Dodgers, Shohei Ohtani Got Creative with $700 Million Deal, but Both Sides Still Have Some Risk

AP Photo/Ashley Landis
Los Angeles Dodgers’ Shohei Ohtani, center, poses for a photo with owner and chairman Mark Walter, left, and president of baseball operations Andrew Friedman applaud during a news conference at Dodger Stadium Thursday, Dec. 14, 2023, in Los Angeles.

PHOENIX (AP) — Once the initial shock wore off on the price tag of Shohei Ohtani’s record-shattering $700 million, 10-year deal with the Los Angeles Dodgers, details about the contract emerged that were nearly as stunning.

A total of $680 million — 97% of the money — was deferred until 2034-43 with no interest.

Had the Dodgers invented some kind of contract voodoo new to Major League Baseball?

Not really. But it appears to be a team-friendly deal that also has benefits for Ohtani as the Japanese superstar departs the Angels, heads 30 miles up Interstate 5 and establishes a new home with the Dodgers in Chavez Ravine.

“Thanks to his endorsements and other off-the-field revenue streams, he has the luxury to defer compensation,” said Michael Rueda, head of the U.S. division of sports and entertainment at Withers law firm. “But there’s always some risk.”

Part of Rueda’s job is giving financial advice to high-profile sports stars and celebrities. He said the Ohtani-Dodgers deal looks like a solid arrangement, even if there are tradeoffs for both sides.

Make no mistake, the 29-year-old Ohtani is a rich man and will be rich long into the foreseeable future, but money promised later is never the same as money in hand.

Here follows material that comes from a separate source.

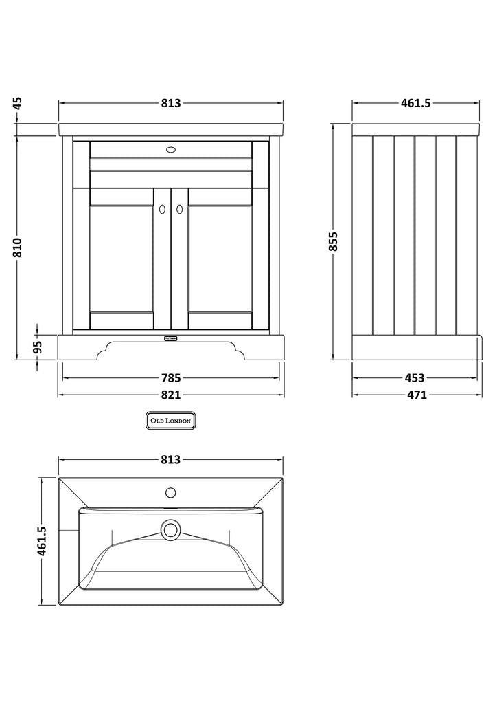 Hudson Reed 800mm 2-Door Unit & Contemporary Fireclay Basin 1TH

One example of Ohtani’s risk: Former Pittsburgh Penguins superstar Mario Lemieux was out about $26 million in the 1990s when the franchise was in financial trouble and couldn’t pay the money it owed the hockey legend in a deferred deal.

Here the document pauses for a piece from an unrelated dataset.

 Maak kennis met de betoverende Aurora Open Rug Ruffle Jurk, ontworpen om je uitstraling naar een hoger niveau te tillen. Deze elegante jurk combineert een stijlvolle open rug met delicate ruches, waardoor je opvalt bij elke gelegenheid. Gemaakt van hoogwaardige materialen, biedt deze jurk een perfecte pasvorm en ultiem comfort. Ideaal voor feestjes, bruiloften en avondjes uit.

Things eventually worked out. Lemieux converted his deferred salary into equity with the team, then partnered with Ron Burkle to pull the club out of bankruptcy. They eventually made a windfall after selling part of their stake in 2021 — but it’s a reminder that financial circumstances can change when 20 years pass. The Dodgers were certainly a fan-drawing juggernaut in 2023, but 2043 doesn’t come for a long time. LA, after all, is only 12 years removed from filing for bankruptcy protection itself under former owner Frank McCourt.

There’s also at least some risk for the franchise: The New York Mets famously deferred $5.9 million that slugger Bobby Bonilla was owed in 2000 and — thanks to an 8% interest rate — will end up paying nearly $30 million total in annual installments until 2035. The Mets have leaned into the self-own in recent seasons, with owner Steve Cohen celebrating the July 1 payment that Bonilla is due each year.

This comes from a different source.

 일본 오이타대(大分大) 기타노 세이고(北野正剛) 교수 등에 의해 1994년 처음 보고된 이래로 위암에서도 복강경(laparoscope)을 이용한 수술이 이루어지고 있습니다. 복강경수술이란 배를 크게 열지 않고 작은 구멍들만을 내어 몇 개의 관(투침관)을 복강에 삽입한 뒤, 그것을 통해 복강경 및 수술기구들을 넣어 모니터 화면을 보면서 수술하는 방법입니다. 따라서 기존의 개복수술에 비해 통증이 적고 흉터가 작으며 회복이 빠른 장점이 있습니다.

Of course, Ohtani’s deferred pay comes with no interest. That’s a potentially monstrous savings — we’re talking billions — on a deal that could have been much more costly. Ohtani’s deal with 8% interest would come out to nearly $3 billion by 2043.

“It’s interesting to me that the deferred money comes with no interest, from what I’ve read” Rueda said. “That’s giving up a lot of money.”

Ohtani’s other potential advantage from the contract is he receives $680 million of the $700 million after he’s done playing, which means he might not be living in California, where taxes are relatively high. Depending on where he lives from 2034-43, that could lead to sizable savings.

Rueda said the issue isn’t black and white and there are lots of variables, particularly if he goes back to Japan.

“Tax is always a big part,” Rueda said. “The concept of moving to a different jurisdiction and avoiding the California state tax — yeah, that could be accurate.”

For purposes of baseball’s luxury tax, the contract is valued as a yearly addition to the Dodgers’ payroll of about $46 million instead of $70 million. Under the collective bargaining agreement, for the calculation of a team’s tax payroll the value of deferred money is discounted at the federal mid-term rate.

Arizona Diamondbacks owner Ken Kendrick — who talked about the contract at length earlier this week — said his understanding is the deal will save the Dodgers somewhere in the neighborhood of $5 million each season because of the competitive balance tax savings — the exact amount depends on how often the Dodgers exceed the tax threshold and by how much.

“They’re playing by the rules,” Kendrick said. “They got a great player, who is going to be an addition that makes them more competitive. But the economics are not so tilted in a way that puts them at an incredible advantage over the rest of us.”

Kendrick said he believes one major misconception of the deal is that the Dodgers are saving $68 million each season from 2024-33 that they can use to pursue other free agents. Baseball’s labor contract calls for the deferred money to be set aside by the second July 1 after the season it is earned, at the then-current present-day value discounted by at least 5% annually.

Rueda agreed.

“They have to demonstrate that they have that money,” Rueda said. “You can’t write checks that you can’t cash.”